If a task fails with a preflight_failed event, the platform rejected the run before the agent started - no compute was consumed. Check the event’s reason field to understand what went wrong:

  • GITHUB_UNREACHABLE - The platform could not reach the GitHub API. Check network connectivity and GitHub status.
  • REPO_NOT_FOUND_OR_NO_ACCESS - The GitHub PAT does not have access to the target repository, or the repo does not exist.
  • INSUFFICIENT_GITHUB_REPO_PERMISSIONS - The PAT lacks the required permissions for the task type. For new_task and pr_iteration, you need Contents (read/write) and Pull requests (read/write). For pr_review, Triage or higher is enough.
  • PR_NOT_FOUND_OR_CLOSED - The specified PR does not exist or is already closed.

To fix permission issues, update the GitHub PAT in AWS Secrets Manager and submit a new task. See Developer guide - Repository preparation for the full permissions table.

Each task record includes a logs_url field with a direct link to filtered CloudWatch logs. You can get this URL from the task status output or from the GET /tasks/{task_id} API response.
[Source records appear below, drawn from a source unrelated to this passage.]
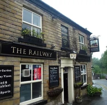 Next the train climbs into the Saddleworth hills to Greenfield station (Uppermill area, Greater Manchester). Opposite the station stands The Railway Inn, a 150-year-old alehouse that still feels like a classic country pub. The Railway Inn’s walls are covered in old Saddleworth photos and kitsch (there’s even an old toilet-seat “throne”), adding to its rustic charm. Behind the pub is a large beer garden overlooking the Chew Valley floor – an ideal spot on a sunny afternoon. The pub is famous locally for live music (it bills itself as “Saddleworth’s premier live music venue”) and a strong selection of cask ales. Regulars and visitors alike enjoy beers from nearby breweries (Deuchars IPA, Bombardier, Golden Pippin, Old Peculiar, and more are often on tap). Note that the Railway Inn does not do hot food, but it has a fine pork pie and a jukebox, plus warm hospitality regardless of age or dress code.
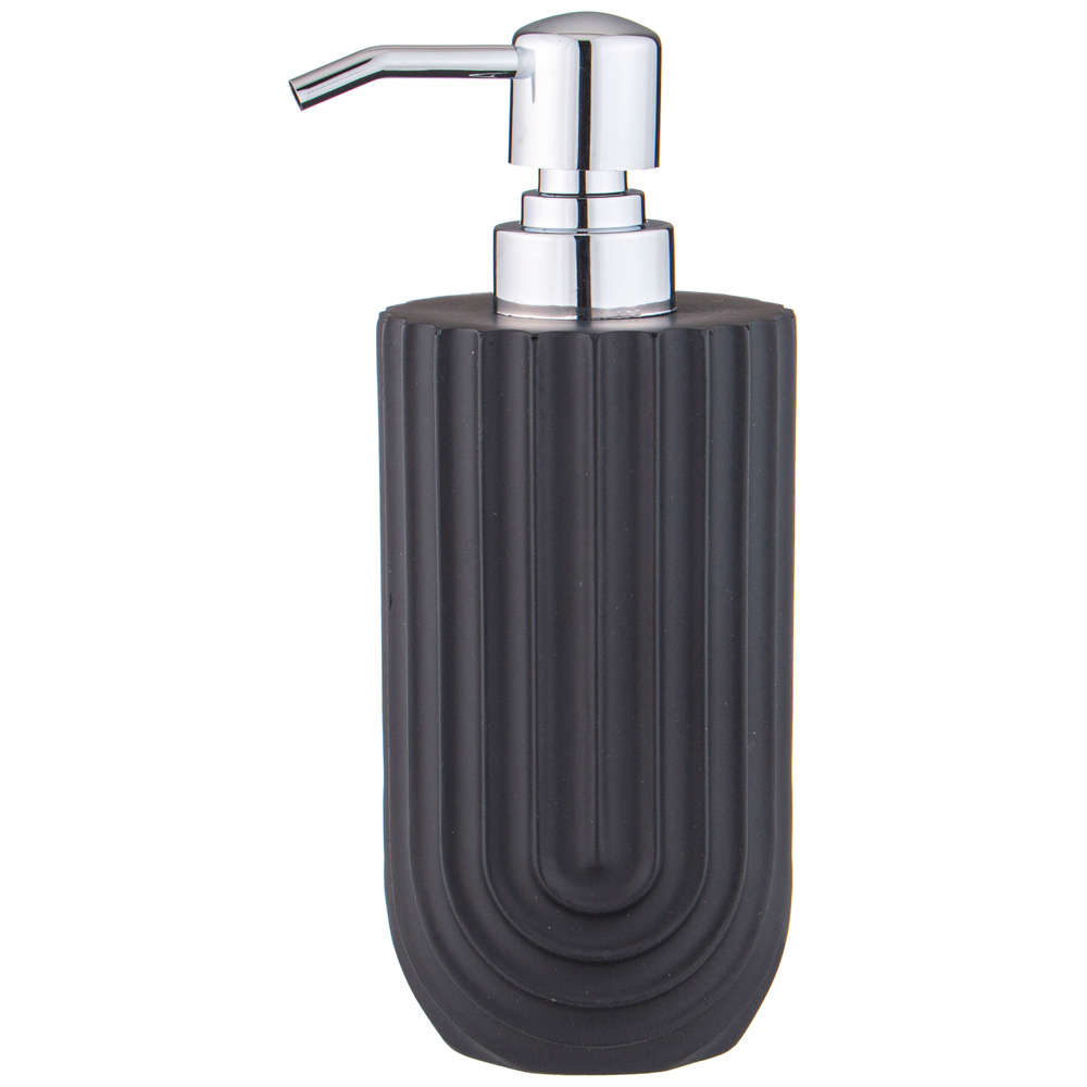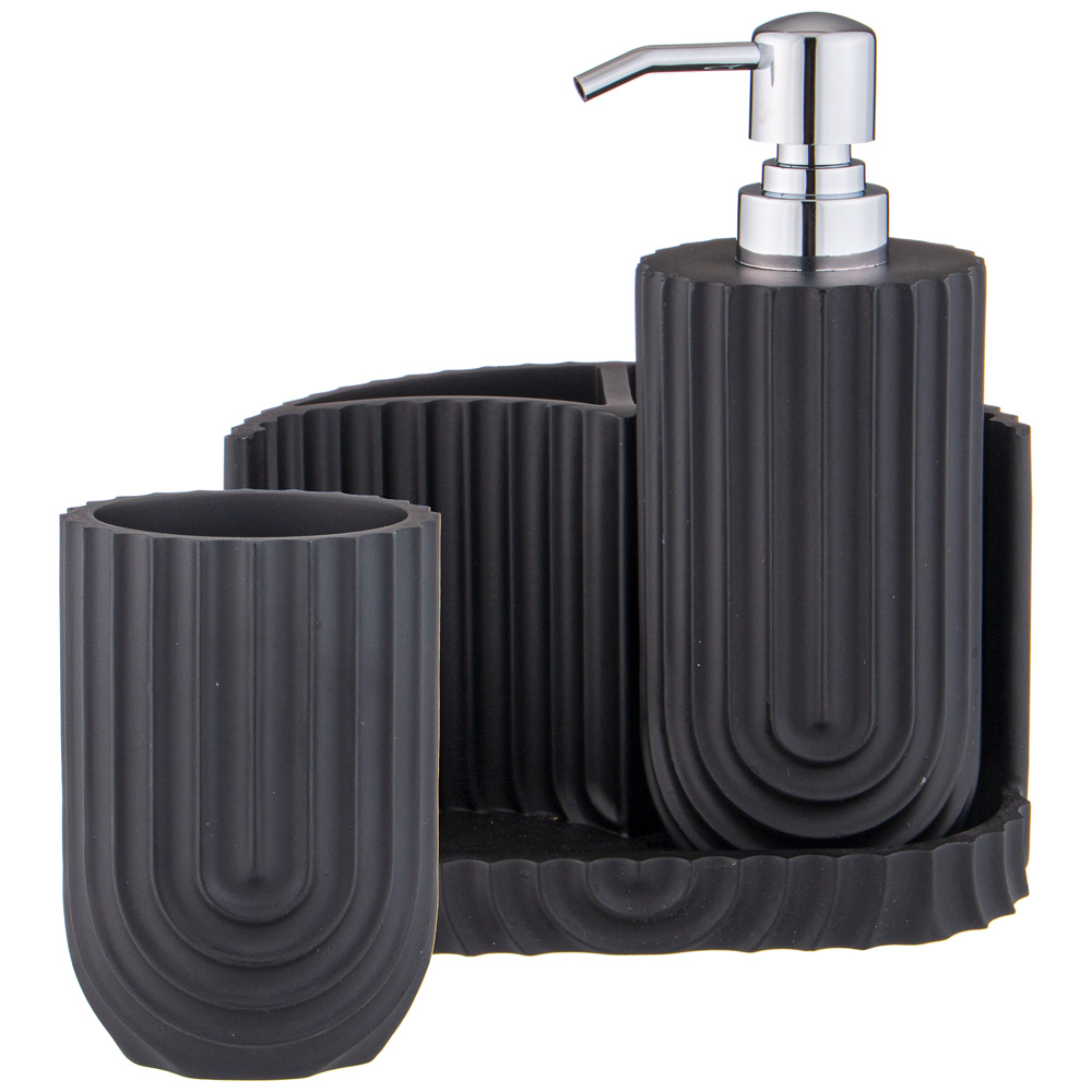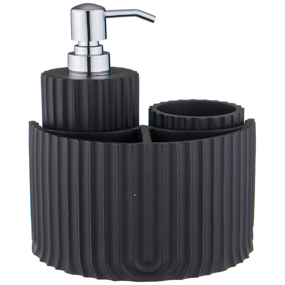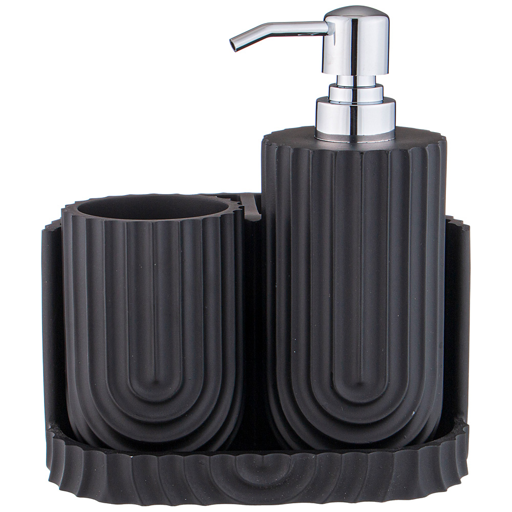 Набор аксессуаров для ванной комнаты состоит из дозатора для жидкого мыла, стакана и подставки.
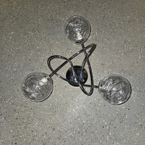 Taklampa med fem ljuskällor i metall och glas

Alternatively, the application logs are in the CloudWatch log group:

/aws/vendedlogs/bedrock-agentcore/runtime/APPLICATION_LOGS/jean_cloude

Filter by task ID to find logs for a specific task.

When a task targets a pull request (pr_iteration or pr_review), the platform automatically posts a status comment on the PR and edits it in place as the task progresses. This gives collaborators visibility into the agent’s work without polling the CLI or API.
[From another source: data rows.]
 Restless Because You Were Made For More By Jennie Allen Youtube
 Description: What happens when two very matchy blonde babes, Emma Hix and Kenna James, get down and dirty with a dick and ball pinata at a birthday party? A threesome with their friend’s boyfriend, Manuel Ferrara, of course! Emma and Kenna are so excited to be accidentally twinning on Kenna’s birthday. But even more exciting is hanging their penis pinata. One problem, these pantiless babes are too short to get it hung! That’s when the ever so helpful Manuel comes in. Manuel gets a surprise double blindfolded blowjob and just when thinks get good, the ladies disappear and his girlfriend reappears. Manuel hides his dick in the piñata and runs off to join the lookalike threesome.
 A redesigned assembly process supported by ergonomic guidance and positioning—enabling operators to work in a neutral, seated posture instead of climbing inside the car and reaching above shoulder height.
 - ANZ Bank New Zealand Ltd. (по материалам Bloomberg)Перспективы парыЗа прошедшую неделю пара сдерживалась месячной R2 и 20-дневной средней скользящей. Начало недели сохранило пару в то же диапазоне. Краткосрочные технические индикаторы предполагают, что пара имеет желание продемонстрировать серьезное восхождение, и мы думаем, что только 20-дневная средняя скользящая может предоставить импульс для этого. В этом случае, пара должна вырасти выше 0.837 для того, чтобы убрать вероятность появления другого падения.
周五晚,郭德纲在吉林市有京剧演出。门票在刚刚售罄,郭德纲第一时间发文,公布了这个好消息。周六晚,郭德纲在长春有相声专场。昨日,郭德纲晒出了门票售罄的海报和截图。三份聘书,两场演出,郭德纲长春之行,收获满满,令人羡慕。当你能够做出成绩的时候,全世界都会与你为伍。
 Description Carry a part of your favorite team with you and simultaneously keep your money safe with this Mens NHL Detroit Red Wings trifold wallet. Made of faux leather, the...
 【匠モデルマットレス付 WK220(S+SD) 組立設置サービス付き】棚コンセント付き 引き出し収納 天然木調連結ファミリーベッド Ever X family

The notification plane uses DynamoDB Streams to fan out task events to channel-specific dispatchers. Currently the GitHub edit-in-place dispatcher is active; Slack and Email dispatchers are planned.

The status comment shows: current phase, last milestone, cost so far, and a link to the task. It updates on key events (session_started, pr_created, task_completed, task_failed, nudge_acknowledged, and routable agent milestones).